--- Data below Enclosed Below ---

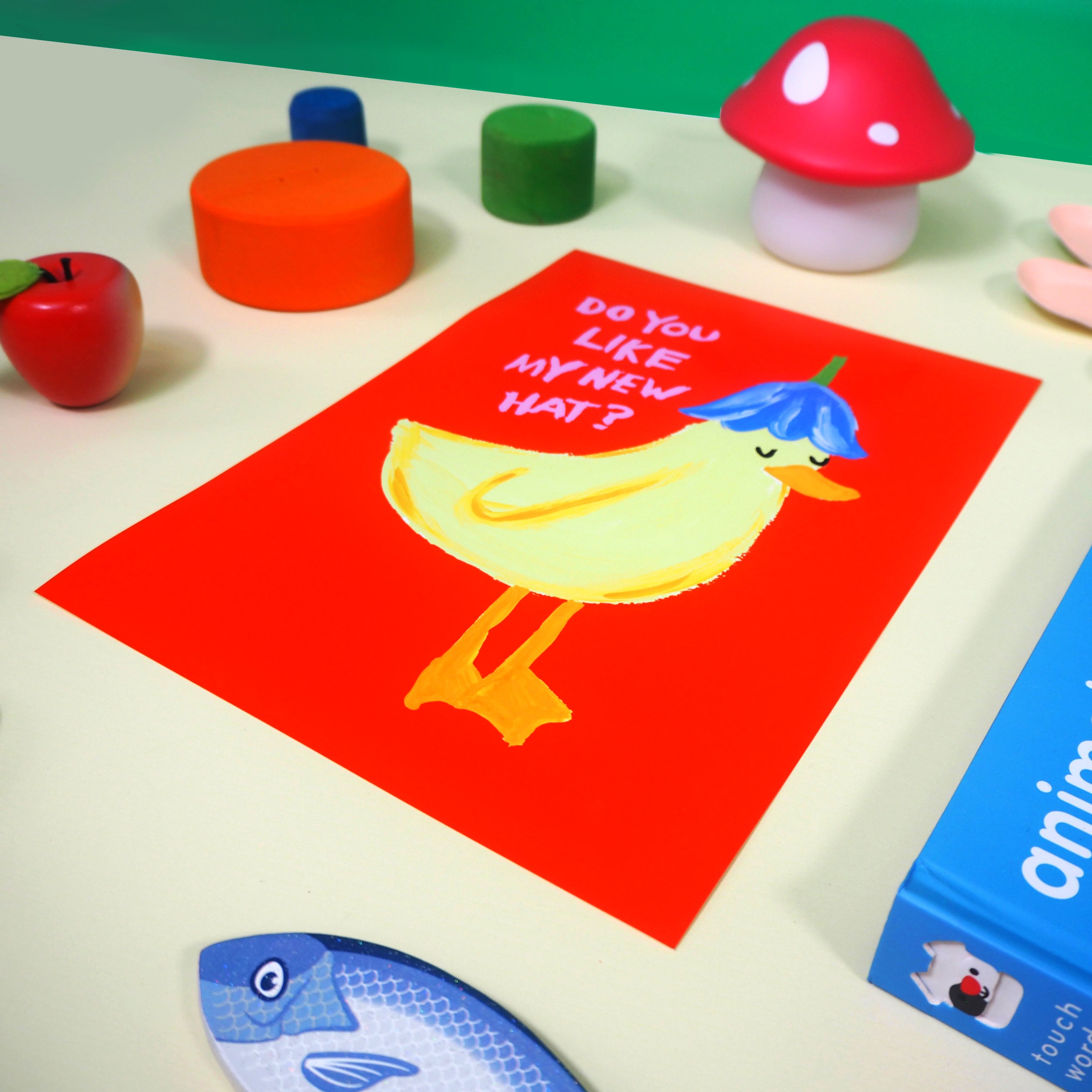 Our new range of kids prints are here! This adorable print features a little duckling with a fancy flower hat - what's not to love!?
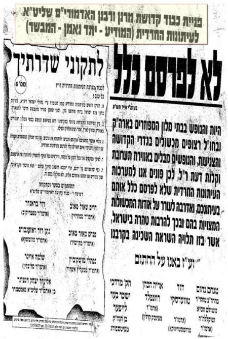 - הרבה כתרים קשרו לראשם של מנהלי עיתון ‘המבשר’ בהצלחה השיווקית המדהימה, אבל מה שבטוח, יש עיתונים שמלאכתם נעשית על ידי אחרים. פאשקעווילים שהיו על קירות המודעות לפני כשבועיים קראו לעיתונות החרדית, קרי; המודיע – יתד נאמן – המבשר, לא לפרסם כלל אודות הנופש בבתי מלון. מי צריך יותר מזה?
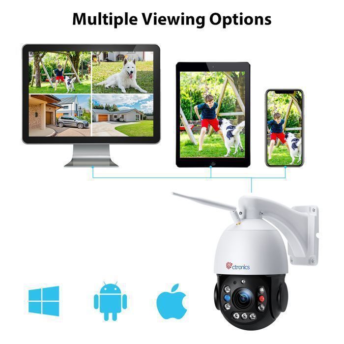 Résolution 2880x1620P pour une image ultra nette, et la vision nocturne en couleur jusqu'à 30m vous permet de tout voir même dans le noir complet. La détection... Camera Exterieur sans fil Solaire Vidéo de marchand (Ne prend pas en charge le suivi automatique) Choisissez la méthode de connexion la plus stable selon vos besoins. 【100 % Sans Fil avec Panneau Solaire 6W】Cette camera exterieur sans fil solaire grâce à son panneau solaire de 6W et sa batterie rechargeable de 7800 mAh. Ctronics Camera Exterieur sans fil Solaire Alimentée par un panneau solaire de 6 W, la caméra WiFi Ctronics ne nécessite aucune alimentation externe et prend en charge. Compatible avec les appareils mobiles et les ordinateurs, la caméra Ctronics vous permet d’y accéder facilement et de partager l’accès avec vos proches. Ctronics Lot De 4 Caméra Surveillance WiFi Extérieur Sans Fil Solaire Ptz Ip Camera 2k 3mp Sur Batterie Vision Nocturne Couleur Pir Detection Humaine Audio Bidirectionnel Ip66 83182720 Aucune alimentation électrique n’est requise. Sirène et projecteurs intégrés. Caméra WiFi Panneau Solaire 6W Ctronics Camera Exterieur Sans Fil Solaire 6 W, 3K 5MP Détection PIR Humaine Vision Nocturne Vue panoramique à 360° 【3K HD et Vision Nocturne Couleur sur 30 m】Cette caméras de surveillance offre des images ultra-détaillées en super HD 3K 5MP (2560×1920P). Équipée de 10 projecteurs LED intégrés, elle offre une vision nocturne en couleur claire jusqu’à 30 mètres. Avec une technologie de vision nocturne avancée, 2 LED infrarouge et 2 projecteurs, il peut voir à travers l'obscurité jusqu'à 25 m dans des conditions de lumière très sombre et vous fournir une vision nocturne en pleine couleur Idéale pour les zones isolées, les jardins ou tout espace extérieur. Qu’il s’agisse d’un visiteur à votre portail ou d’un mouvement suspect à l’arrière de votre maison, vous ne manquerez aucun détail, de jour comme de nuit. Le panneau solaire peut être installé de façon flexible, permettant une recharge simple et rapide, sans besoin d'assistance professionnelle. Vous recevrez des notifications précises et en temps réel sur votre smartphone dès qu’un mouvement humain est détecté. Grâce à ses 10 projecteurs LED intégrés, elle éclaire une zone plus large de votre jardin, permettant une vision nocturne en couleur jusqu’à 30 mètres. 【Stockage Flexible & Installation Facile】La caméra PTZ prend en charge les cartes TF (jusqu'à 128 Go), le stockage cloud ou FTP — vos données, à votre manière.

--- End of Enclosed Data below ---

→ Task instructions: What you return must match the material above exactly, apart from its pictures.

→ Response to the exercise:
 Our new range of kids prints are here! This adorable print features a little duckling with a fancy flower hat - what's not to love!?
 - הרבה כתרים קשרו לראשם של מנהלי עיתון ‘המבשר’ בהצלחה השיווקית המדהימה, אבל מה שבטוח, יש עיתונים שמלאכתם נעשית על ידי אחרים. פאשקעווילים שהיו על קירות המודעות לפני כשבועיים קראו לעיתונות החרדית, קרי; המודיע – יתד נאמן – המבשר, לא לפרסם כלל אודות הנופש בבתי מלון. מי צריך יותר מזה?
 Résolution 2880x1620P pour une image ultra nette, et la vision nocturne en couleur jusqu'à 30m vous permet de tout voir même dans le noir complet. La détection... Camera Exterieur sans fil Solaire Vidéo de marchand (Ne prend pas en charge le suivi automatique) Choisissez la méthode de connexion la plus stable selon vos besoins. 【100 % Sans Fil avec Panneau Solaire 6W】Cette camera exterieur sans fil solaire grâce à son panneau solaire de 6W et sa batterie rechargeable de 7800 mAh. Ctronics Camera Exterieur sans fil Solaire Alimentée par un panneau solaire de 6 W, la caméra WiFi Ctronics ne nécessite aucune alimentation externe et prend en charge. Compatible avec les appareils mobiles et les ordinateurs, la caméra Ctronics vous permet d’y accéder facilement et de partager l’accès avec vos proches. Ctronics Lot De 4 Caméra Surveillance WiFi Extérieur Sans Fil Solaire Ptz Ip Camera 2k 3mp Sur Batterie Vision Nocturne Couleur Pir Detection Humaine Audio Bidirectionnel Ip66 83182720 Aucune alimentation électrique n’est requise. Sirène et projecteurs intégrés. Caméra WiFi Panneau Solaire 6W Ctronics Camera Exterieur Sans Fil Solaire 6 W, 3K 5MP Détection PIR Humaine Vision Nocturne Vue panoramique à 360° 【3K HD et Vision Nocturne Couleur sur 30 m】Cette caméras de surveillance offre des images ultra-détaillées en super HD 3K 5MP (2560×1920P). Équipée de 10 projecteurs LED intégrés, elle offre une vision nocturne en couleur claire jusqu’à 30 mètres. Avec une technologie de vision nocturne avancée, 2 LED infrarouge et 2 projecteurs, il peut voir à travers l'obscurité jusqu'à 25 m dans des conditions de lumière très sombre et vous fournir une vision nocturne en pleine couleur Idéale pour les zones isolées, les jardins ou tout espace extérieur. Qu’il s’agisse d’un visiteur à votre portail ou d’un mouvement suspect à l’arrière de votre maison, vous ne manquerez aucun détail, de jour comme de nuit. Le panneau solaire peut être installé de façon flexible, permettant une recharge simple et rapide, sans besoin d'assistance professionnelle. Vous recevrez des notifications précises et en temps réel sur votre smartphone dès qu’un mouvement humain est détecté. Grâce à ses 10 projecteurs LED intégrés, elle éclaire une zone plus large de votre jardin, permettant une vision nocturne en couleur jusqu’à 30 mètres. 【Stockage Flexible & Installation Facile】La caméra PTZ prend en charge les cartes TF (jusqu'à 128 Go), le stockage cloud ou FTP — vos données, à votre manière.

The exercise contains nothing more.